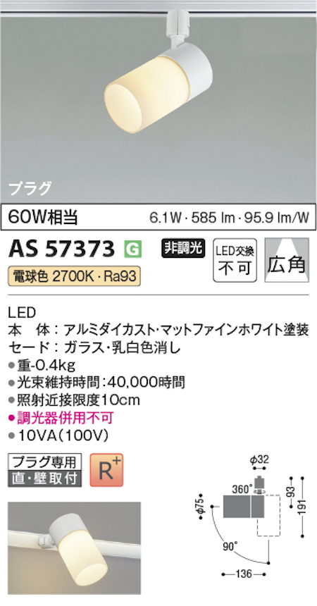 コイズミ照明 AS57373 スポットライト 広角 プラグタイプ 電球色 マットファインホワイト
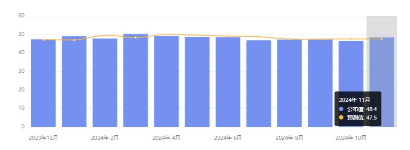 美国 11 月 ISM 制造业 PMI 指数 48.4,高于预期的 47.6 和 10 月前值 46.5,创今年 6 月以来的最高水平,也是今年 3 月以来的最大月度涨幅。
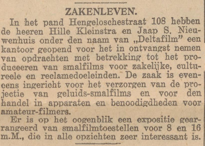 Kleinstra H. fotograaf Hengelosestraat 108 krantenbericht 2-11-1938
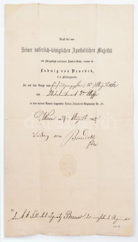 1862 Bécs, Alhadnagyi kinevezés a 28. gyalogezred kötelékébe, Benedek Lajos táborszernagy, mint ezredtulajdonos eredeti aláírásával, szárazpecséttel, 35,5×22 cm
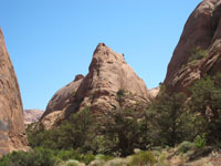 Base jumpers travel on this trail between the fins for their ascent of Tombstone Dome where they make their jump, a feat I have witnessed several times. So before you start your walk, look up. If you see someone on the dome above the road an extreme event just might happen. Watching a person in freefall does make my heart rate go up a bit. That loud snap, sounding like the firing of a shotgun when the parachute snaps open, commands instant respect. Landings usually happen on the road, but some even manage to zoom in next to a parked car.
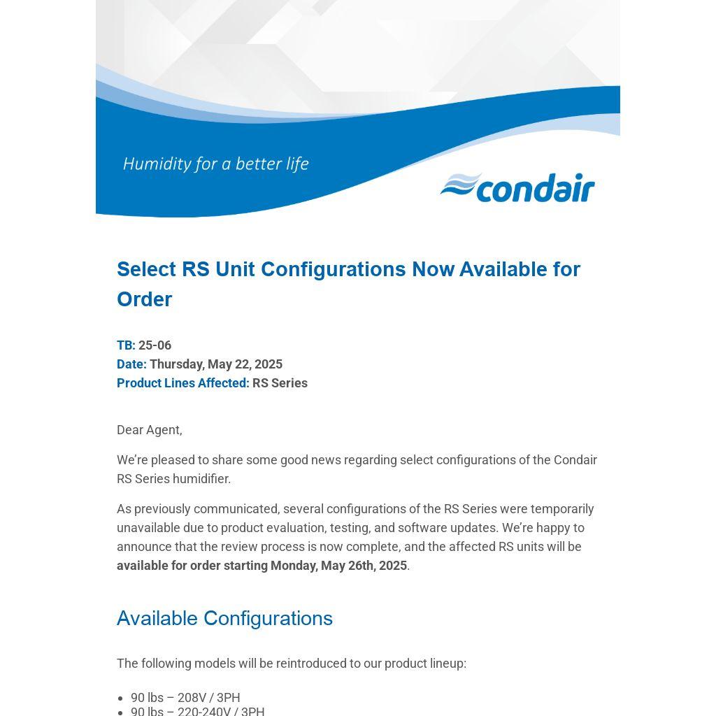 We’re pleased to share some good news regarding select configurations of the Condair RS Series humidifier.
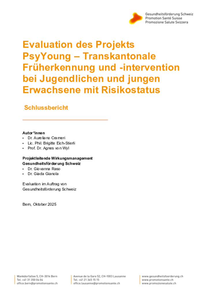 Evaluation des Projekts PsyYoung – Transkantonale Früherkennung und -intervention bei Jugendlichen und jungen Erwachsene mit Risikostatus
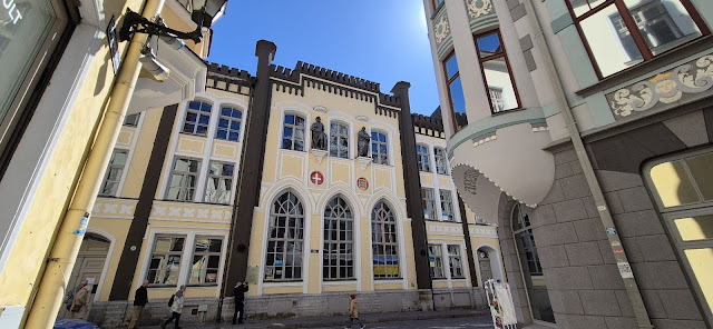 Nous parvenons à la Maison des Têtes Noires. La confrérie ou guilde des Têtes noires était une association de marchands célibataires, d'armateurs et d'étrangers, active en Livonie (aujourd'hui en Estonie et en Lettonie) à partir du 14°s. jusqu'en 1940.
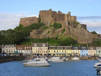 Keywords: castle fortress góry island of jersey sea port ships
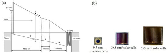 We experimentally tested the device designed on p-type window material [39]. N-type GaAs wafers were used as the substrate, keeping Eg2 at 1.43 eV. Then, the most studied GaAlAs alloy was deposited by metal organic chemical vapour deposition (MOCVD) method, by increasing the Al concentration gradually towards the front of the device. This Al increase was continued until the front layer band gap reached ~2.20 eV (Eg1). The layers close to the GaAs substrate were n-doped with Si, and the Si concentration was gradually reduced towards the middle of the structure. Then, the layers towards the front were gradually grown with p-type doping with carbon. The total thickness of the graded band gap structure was set to ~3.0 µm (see Figure 11a). Solar cells were processed by making ohmic contacts to both the front, and the back n-GaAs substrate. Front contacts were made using grid-type contacts to reduce shading, and three different-sized devices were made as shown in Figure 11b.
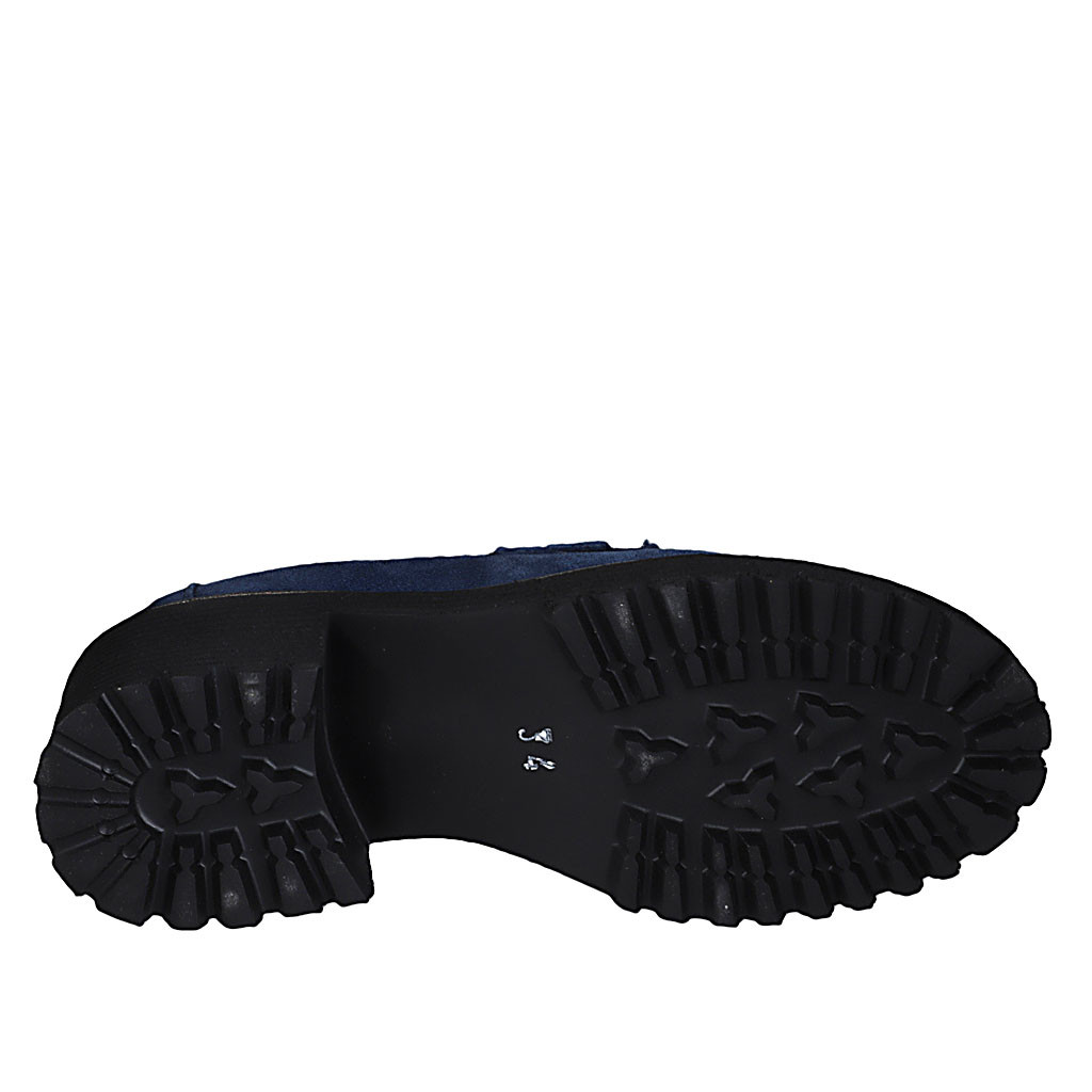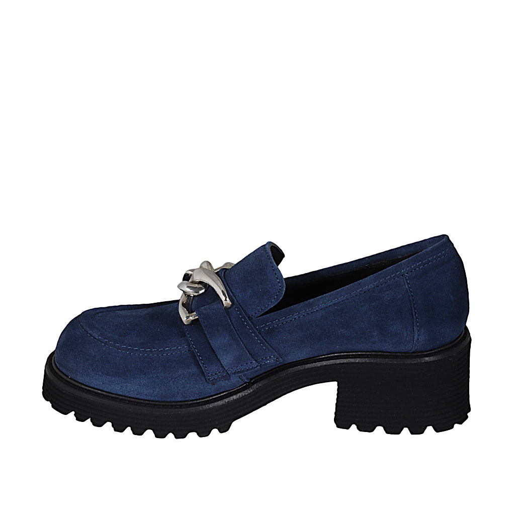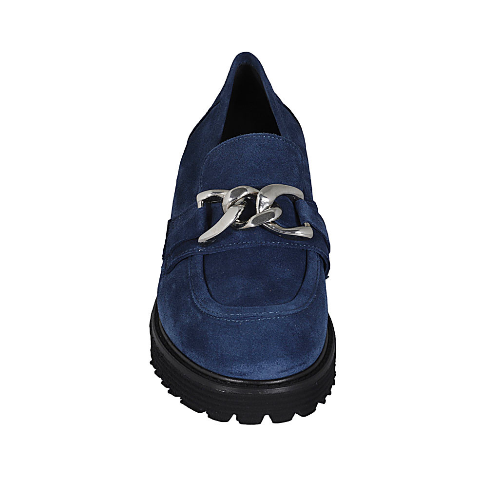 Woman's casual mocassin with chain in blue suede heel 5
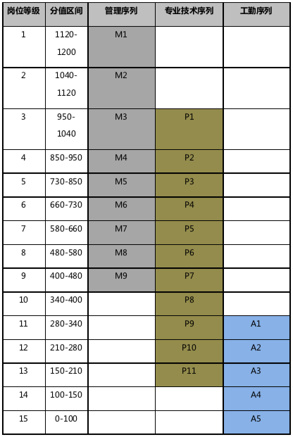 表:管理序列崗位等級(jí)劃分
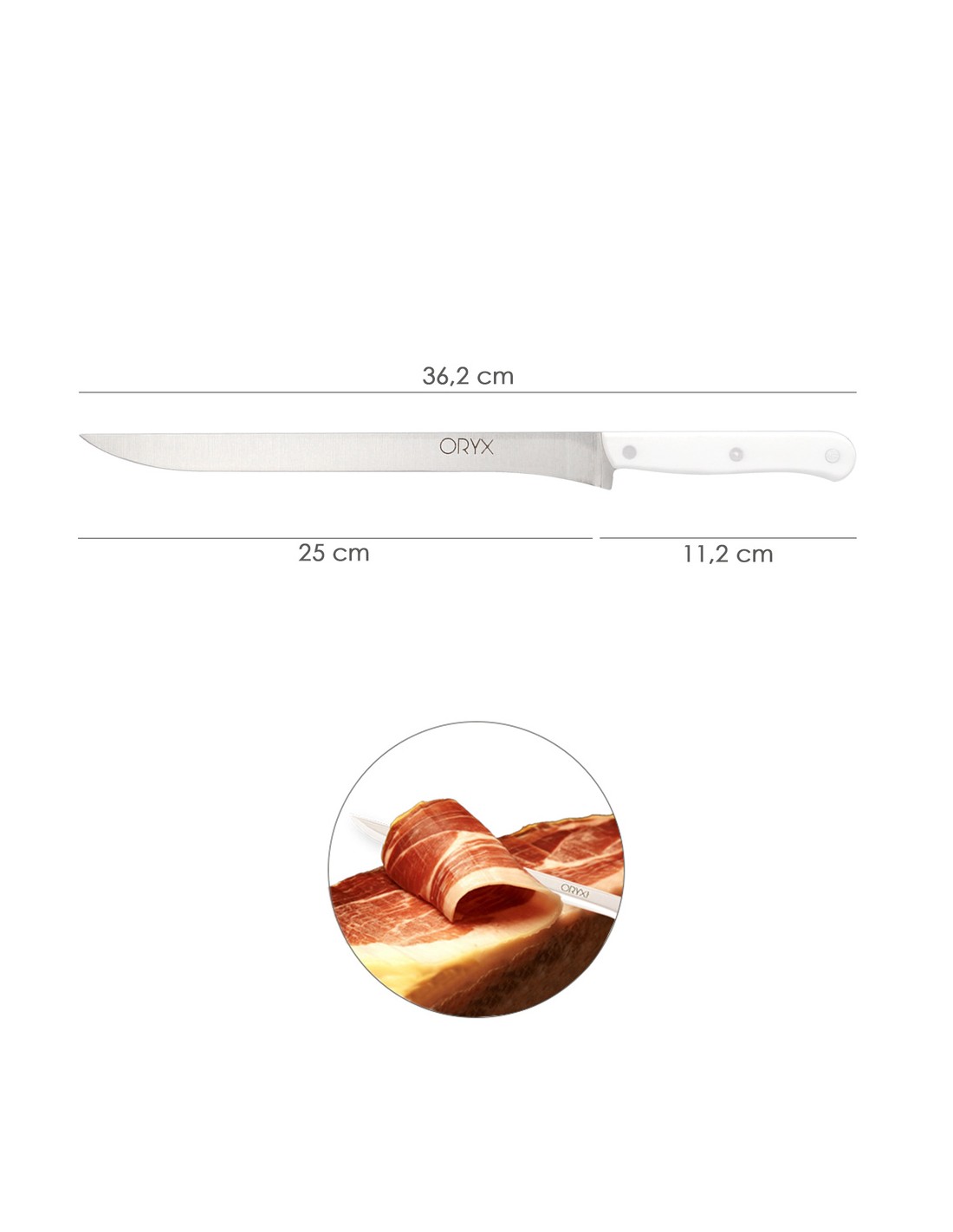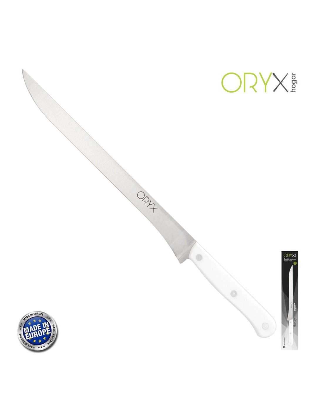 Cuchillo Husky Jamonero 25 cm. Hoja Acero Inoxidable, Cuchillo Jamon, Cuchillo Cortar Jamon Mango Ergonomico Blanco
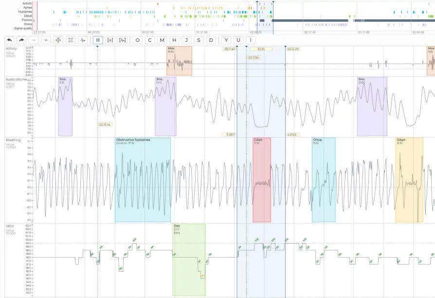 The user interface has different user roles and permissions. The most important feature for the doctors is viewing the patient sleep data and marking different events to the data set easily.
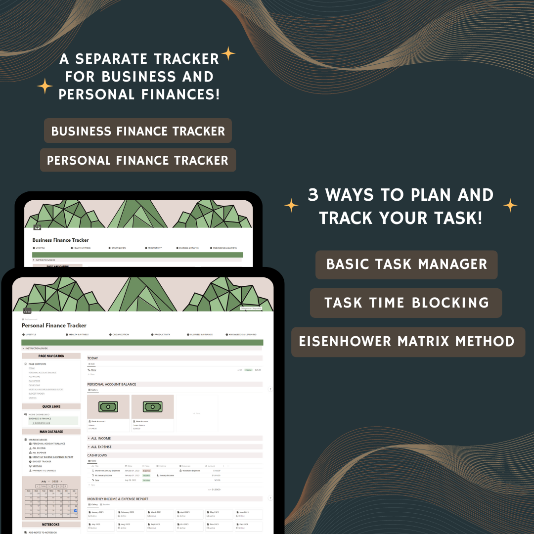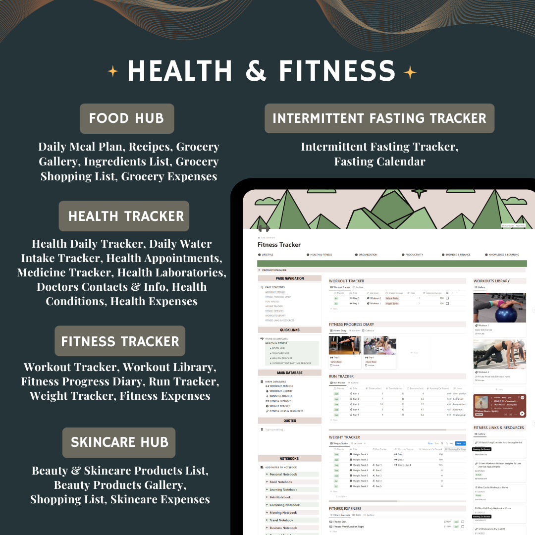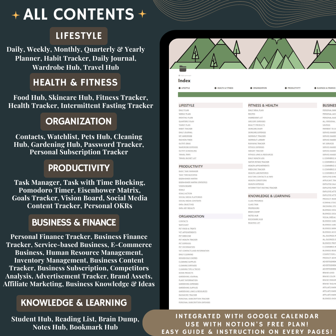 Ultimate All in Brown & Green Aesthetic Notion Template, Digitally Organize Every Aspect of Your Life

### Task instructions
Start at the line above containing "Kleinstra H. fotograaf" and stop at the line containing "We’re pleased to": print those lines and everything between them exactly, but not the pictures.

### Answer for the task
 Kleinstra H. fotograaf Hengelosestraat 108 krantenbericht 2-11-1938
 1862 Bécs, Alhadnagyi kinevezés a 28. gyalogezred kötelékébe, Benedek Lajos táborszernagy, mint ezredtulajdonos eredeti aláírásával, szárazpecséttel, 35,5×22 cm
 Base jumpers travel on this trail between the fins for their ascent of Tombstone Dome where they make their jump, a feat I have witnessed several times. So before you start your walk, look up. If you see someone on the dome above the road an extreme event just might happen. Watching a person in freefall does make my heart rate go up a bit. That loud snap, sounding like the firing of a shotgun when the parachute snaps open, commands instant respect. Landings usually happen on the road, but some even manage to zoom in next to a parked car.
 We’re pleased to share some good news regarding select configurations of the Condair RS Series humidifier.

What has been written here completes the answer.